Welcome to the K-Optional Newsletter, where we post about interesting real-world tech solutions. If you like this type of thing, consider subscribing at the bottom where it says “Get the latest in full stack engineering”. Feel free to email jack@koptional dot com with comments or to talk software architecture.
An SPA problem and a roundabout solution
You know when they say, “it’s so crazy, it just might work”? Well I don’t believe that. I say go for the airtight plan - Michael Scott.
One of our clients runs a financial marketplace single-page application (SPA), hosted on static file-serving infra. Static SPAs dynamically construct page content in the browser after load. In contrast, server-rendered applications send all or most HTML within the initial page response.
There are pros and cons to the static SPA:
- Pro: Eliminating server code execution can be a reliability advantage since file serving is tried and true. Site outages basically never happen.
- Con: A static SPA often accompanies an expansive JavaScript bundle (i.e. megabytes).

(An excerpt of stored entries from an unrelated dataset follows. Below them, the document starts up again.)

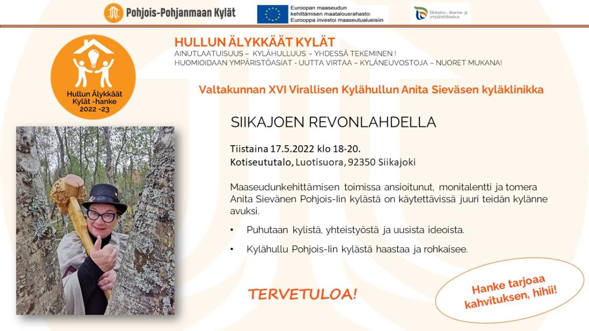 Maaseudunkehittämisen toimissa ansioitunut, monitalentti ja tomera Anita Sievänen Pohjois-Iin kylästä on käytettävissä juuri teidän kylänne avuksi.
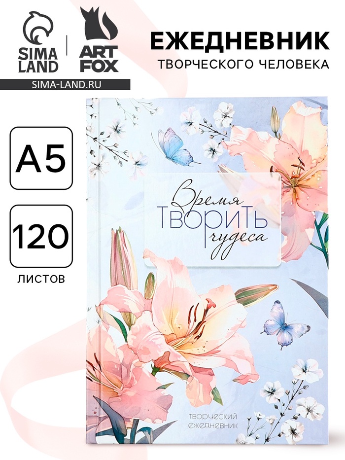 Творческий ежедневник, твердая обложка А5, 120 л «Время творить чудеса»
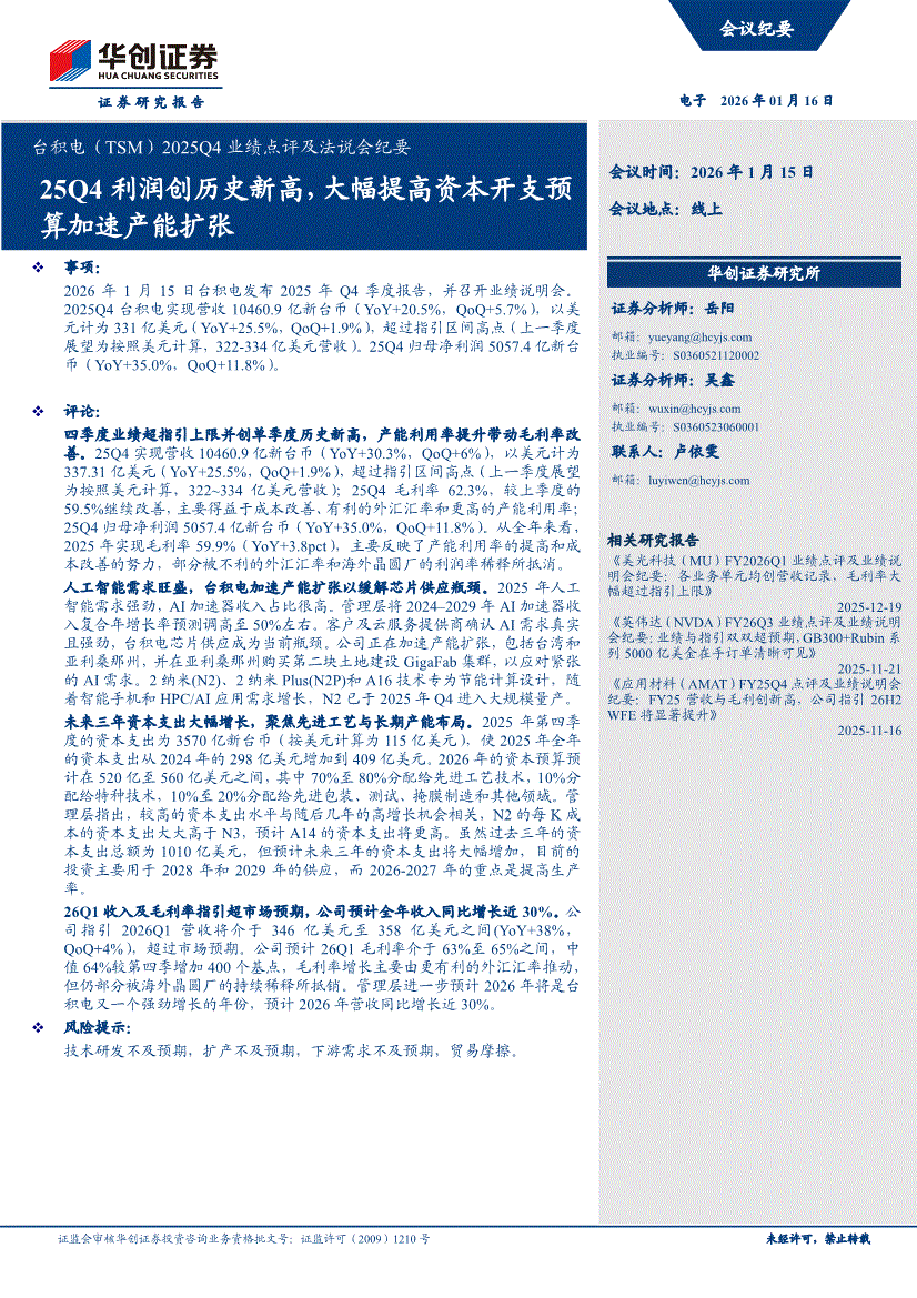 台积电:华创证券-台积电-TSM.US-2025Q4业绩点评及法说会纪要:25Q4利润创历史新高,大幅提高资本开支预算加速产能扩张-260116
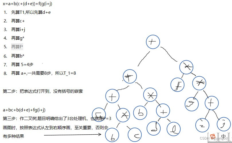 根据 树或表达式,判断有几台处理机,也就是P的值
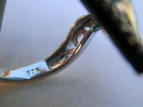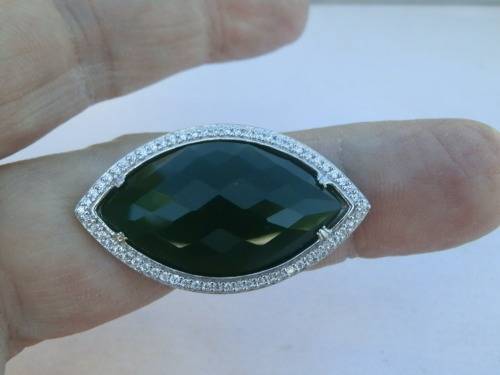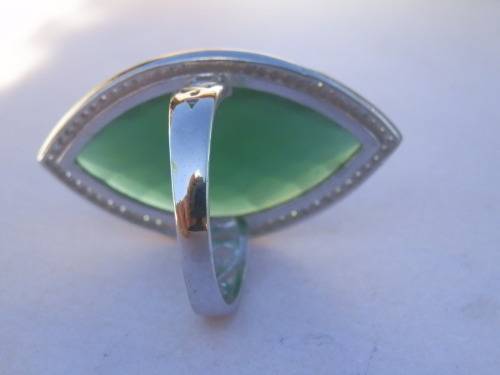 Elegant sterling silver ring with large green stone - weight 8.5 g.
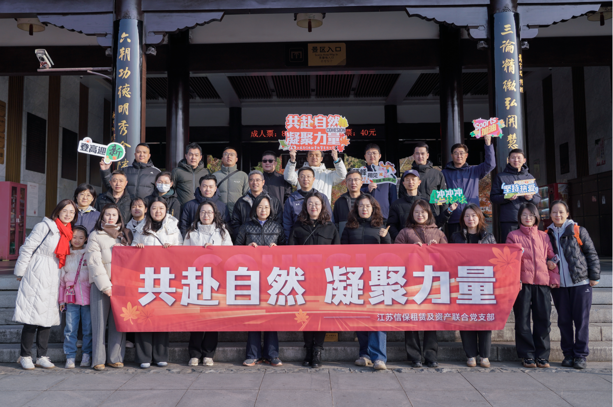 為豐富員工業余文化生活,進一步提升團隊活力和凝聚力,12月14日,江蘇信保租賃及資產聯合黨支部赴南京市棲霞山風景區,開展“共赴自然 凝聚力量”徒步登山活動,江蘇信保租賃及資產聯合黨支部、租賃及資產管理公司30余名員工及家屬參加活動。

- Pro: Content-delivery networks can be more effective at optimizing static SPA delivery than say, a server endpoint (though the gap is closing).

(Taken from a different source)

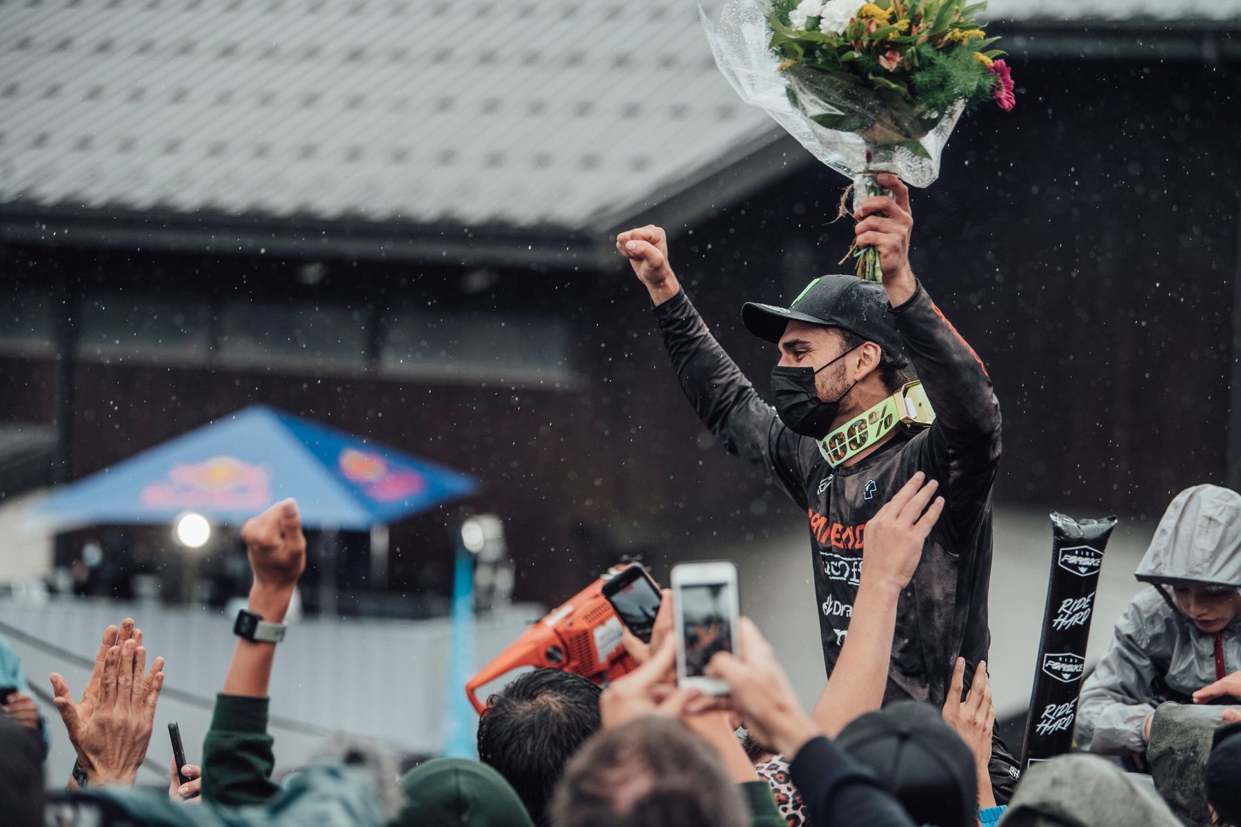 Daprela, having barely managed to eat anything all week, seeded 33rd and in doing so set off early. He crossed the line two seconds up on Max Hartenstern with what looked like a solid Top 10 run. As well as bringing the fire he also brought the rain and by the time the final 10 riders dropped in, the track was a completely different animal and no one could get near Thibaut’s time, giving him his first World Cup victory. Amidst the carnage was perhaps the most memorable image of the whole season: Reece Wilson’s entry on to the piste. Bucked on take-off from the final jump he had a huge over the bars and in doing so earned the nickname ‘The Flying Scotsman’.
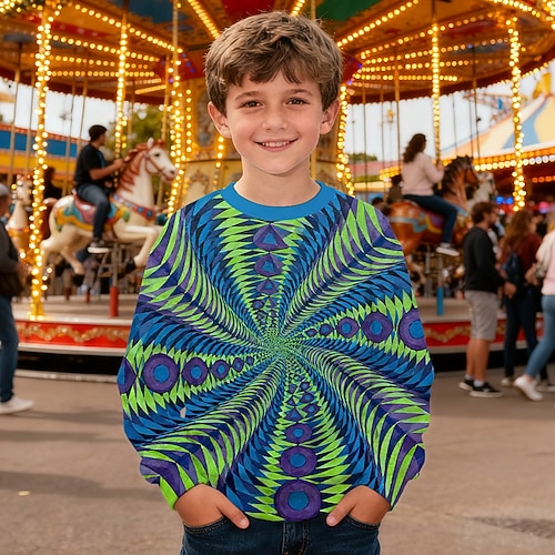Weihnachten Jungen 3D Grafik Jeder Sweatshirt Langarm Frühling Herbst Mode Basic Kinder 4-12 Jahre Rundhalsausschnitt Outdoor Lässig Täglich Normale Passform

- Con: Social media previews (and sometimes SEO) depend on HTML metadata being present at render.
That last one proved to be a major obstacle; users of our client’s app often post marketplace listings on Twitter and Discord, and the SPA meant no attractive preview.
An example of a rich preview that Twitter generates.
Potential workarounds
Dedicated subdomain for social posts
We looked into setting up a separate app that lived on a social.
subdomain. This app would render on the server and appear in prefilled Tweets. Such a URL would transmit the needed meta HTML, and redirect to the main site on load.
Though simpler than you might expect, using a different site felt like a big compromise. After all, we couldn’t even be sure that users wouldn’t just post the link from the address bar anyway.
Migrate to Next.js
We also could swap this pure React (craco
) application to a solution like Next.js which enables server-side rendering without sacrificing anything in terms of reliability.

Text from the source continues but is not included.